Fleury Richard et Révoil, tous deux de Lyon, étaient unis dès l'enfance par une amitié qui s'était accrue avec l'âge. Tous deux étudiaient chez David avec une suite et une régularité qu'ils devaient sans doute aux sentiments religieux dont ils étaient également animés. Élèves alors, leurs études n'avaient pas des qualités qui fissent prévoir la vogue, passagère il est vrai, qu'eurent leurs ouvrages quelques années plus tard; aussi David en corrigeant leurs essais ne leur adressait-il que des observations qui ajouteraient peu d'intérêt à celles qu'on lui a entendu faire à quelques autres élèves. Il en fut de même au sujet de plusieurs jeunes gens dont il serait même difficile de rappeler ici les noms.

Le maître avait achevé de corriger les études des peintres et des dessinateurs d'après nature, lorsqu'en tirant sa montre il s'aperçut que les heures s'étaient écoulées bien vite. «Il faut que je retourne à mon atelier, dit-il, pour profiter du reste de la journée. Adieu, messieurs, ajouta-t-il en s'adressant à ceux dont il venait de s'occuper; quant à vous, et c'était aux jeunes dessinateurs d'après l'antique qu'il s'adressait alors, je verrai votre ouvrage un autre jour. Dites à ceux qui peignent de vous conseiller si vous vous trouvez dans l'embarras. Au nombre des apprentis peintres auxquels ces paroles s'adressaient se trouvaient Mendouze, M. Colson, M. Caminade, Simon, Bouchez, Huyot (depuis architecte et membre de l'Institut), Adolphe Lullin, Étienne, etc.

La séance de correction avait été longue; tous les élèves y avaient apporté une attention soutenue en observant un rigoureux silence.
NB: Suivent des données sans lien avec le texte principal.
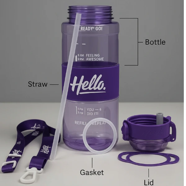 Leak-proof reusable water bottle with straw, perfect for gym, office, school, and travel.
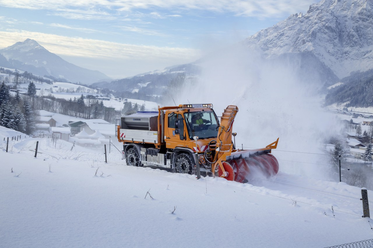 Neuer Unimog U 430 räumt Schnee in Leogang im Salzburger Land

Aussi, à peine David fut-il dehors, que l'un des plus jeunes dessinateurs, placé près de la porte, regarda par un trou qui y était pratiqué exprès si le maître ne revenait pas par hasard sur ses pas; mais aussitôt qu'il fut certain que David avait non-seulement parcouru le long corridor du Louvre, mais qu'il avait dépassé l'angle au delà duquel on allait gagner l'escalier de la rue du Coq, il se retourna vers ses camarades en jetant un cri effroyable, auquel tout l'atelier répondit par un concert de hurlements qui se prolongèrent pendant une ou deux minutes.